With my ex, the abuser, nothing was discussed on any deep level. We were both very closed off, and something as small as deciding what to eat for dinner usually turned into an all out brawl.  I lived in fear of those fights, so I almost never attempted to talk to him. I learned from the few times I did try, that anything I had to say was taken immediately as a personal attack on him; even if it had NOTHING to do with him.

So, I bottled up my emotions and had many disastrous self destruction events. This did not help the dynamic of our “relationship.” I would have my melt down and then he would forever have more ammo to throw in my face at any given time. He has a file folder in his mind of every little thing I had ever done wrong. It could have happened 6 years ago, but if we fought, it was today’s mud to sling.

It was ugly. Everything about being with that person was ugly. I ignored so many red flags. I blindly trudged down the path I thought I was supposed to follow. Engagement, buying a home, marriage, having a child, etc. I lost friends, I was isolated and miserable, but worst of all, I thought I was completely trapped in this ugly world. I thought I had no choice but to remain in it.

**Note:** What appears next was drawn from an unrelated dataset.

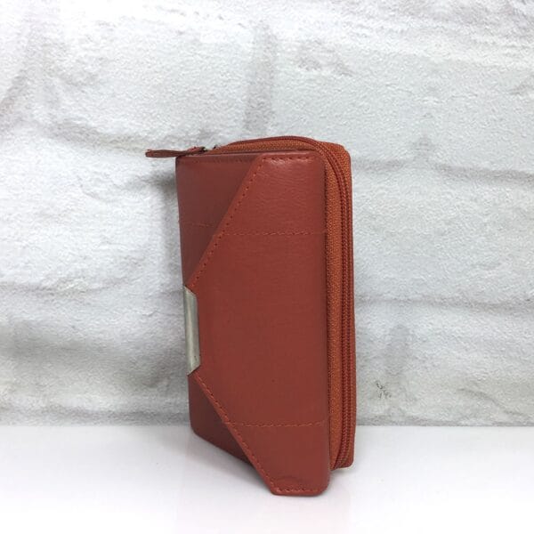 Две прегради за банкноти, на гърба външен монетник с цип и в него две прегради, 10 отделения за визитки, 3 прозрачни отделения за карти, още 3 прегради по дължината на портмонето

I have a wonderful, caring, insightful counselor these days, but the marriage counselors I saw with my ex seemed to be hell bent on “fixing” the marriage no matter what. As a very skilled sociopath, my ex always seemed to have the sympathies of our counselors. I was just open and honest and came off as “harsh” according to them. Of course I was harsh! I was like a trapped animal doing anything to stay alive. They didn’t see him for what he was. No one did. The only other person to recognize just how dangerous he was is his ex-girlfriend. She contacted me after it was over (for real) and apologized for the part she played in my misery and flat out said he was a master manipulator and hurt a lot of people.

No relationship is perfect, but I am very grateful to have a truly caring, loving, amazing person to share my life with right now. It’s easy to forget how good you’ve got it when you get caught up worrying about all the stressful things going on in your life. Life isn’t ugly, and with the right person, it can be beyond beautiful.